Bu zenginliğin somut örneklerini şehirde gezerken kolayca deneyimleyebilirsin. Güne kahvaltı sofrasında mis gibi Erzincan tulum peyniriyle başlamak şahane bir fikir olabilir. Ardından şehrin tarihî sokaklarını keşfe çıkıp öğle yemeğinde meşhur Erzincan döneriyle lezzet yolculuğunu sürdürebilirsin. Akşamsa içini ısıtacak bir kâse kesme çorbası, ardından geleneksel bir tatlı olan kasefeyle günü sonlandırabilirsin.
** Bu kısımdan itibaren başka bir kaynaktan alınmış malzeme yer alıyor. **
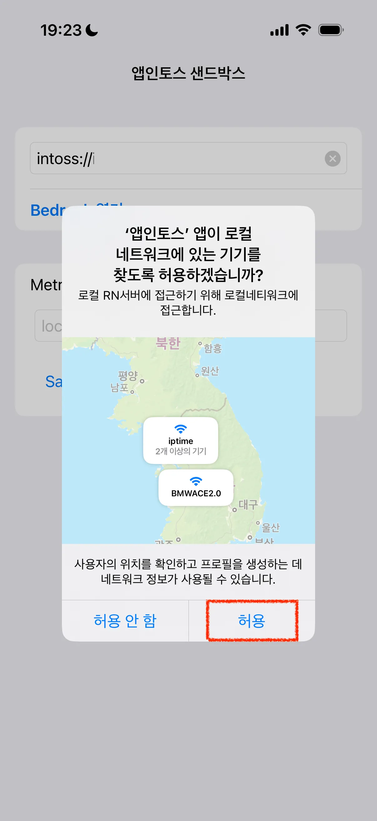 - 샌드박스 앱을 실행하면 "로컬 네트워크" 권한 요청 메시지가 표시돼요. 이때 "허용" 버튼을 눌러주세요.

Şehirde yaprak döneriyle öne çıkan dönerciler ve geleneksel ev yemekleri sunan esnaf lokantaları bulunuyor. Ancak bu yerlere gitmeden önce araştırma yapman damak tadına uygun mekânları bulmanı sağlayarak deneyimini daha keyifli hâle getirebilir. Hazırsan bu köklü, zengin mutfağı keşfetmek için yola çıkalım!
Erzincan Mutfağı: Erzincan’da Ne Yenir, Neyi Meşhur?
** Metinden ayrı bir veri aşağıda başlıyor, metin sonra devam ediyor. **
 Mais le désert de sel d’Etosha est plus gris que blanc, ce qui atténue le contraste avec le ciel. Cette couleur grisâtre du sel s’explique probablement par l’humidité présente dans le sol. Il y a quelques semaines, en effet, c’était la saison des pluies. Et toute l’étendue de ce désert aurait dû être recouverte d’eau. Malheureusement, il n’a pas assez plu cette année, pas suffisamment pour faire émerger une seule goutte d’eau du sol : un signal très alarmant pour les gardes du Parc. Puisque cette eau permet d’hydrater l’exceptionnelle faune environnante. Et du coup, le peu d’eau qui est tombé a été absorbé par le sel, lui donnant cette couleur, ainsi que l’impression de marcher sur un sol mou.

Doğu Anadolu’nun sakin ama bir o kadar da derin izler taşıyan şehirlerinden Erzincan, doğası ve tarihi kadar mutfağıyla da keşfedilmeye değer. Erzincan mutfağı, yüzlerce yıllık geleneksel tarifleriyle yalnızca damaklara değil, kültürel belleğe de hitap ediyor, misafirlerine âdeta bir kültür şöleni sunuyor.
“Erzincan’ın neyi meşhur?” diye merak ediyorsan buna verilecek cevaplar oldukça iştah açıcı: yaprak döneri, kuzu dolması, kelecoşu… Şehrin bunlar gibi sayısız iştah kabartan lezzeti mevcut. Et yemeklerinin başrolde olduğu Erzincan mutfağında, daha önce de altını çizdiğimiz gibi hayvansal gıdalar ve süt ürünleri önemli bir yer tutuyor. Tereyağlı pilavlar, yoğurtlu soslarla hazırlanan yöresel yemekler ve doyurucu hamur işleri bu mutfağın temel taşları arasında.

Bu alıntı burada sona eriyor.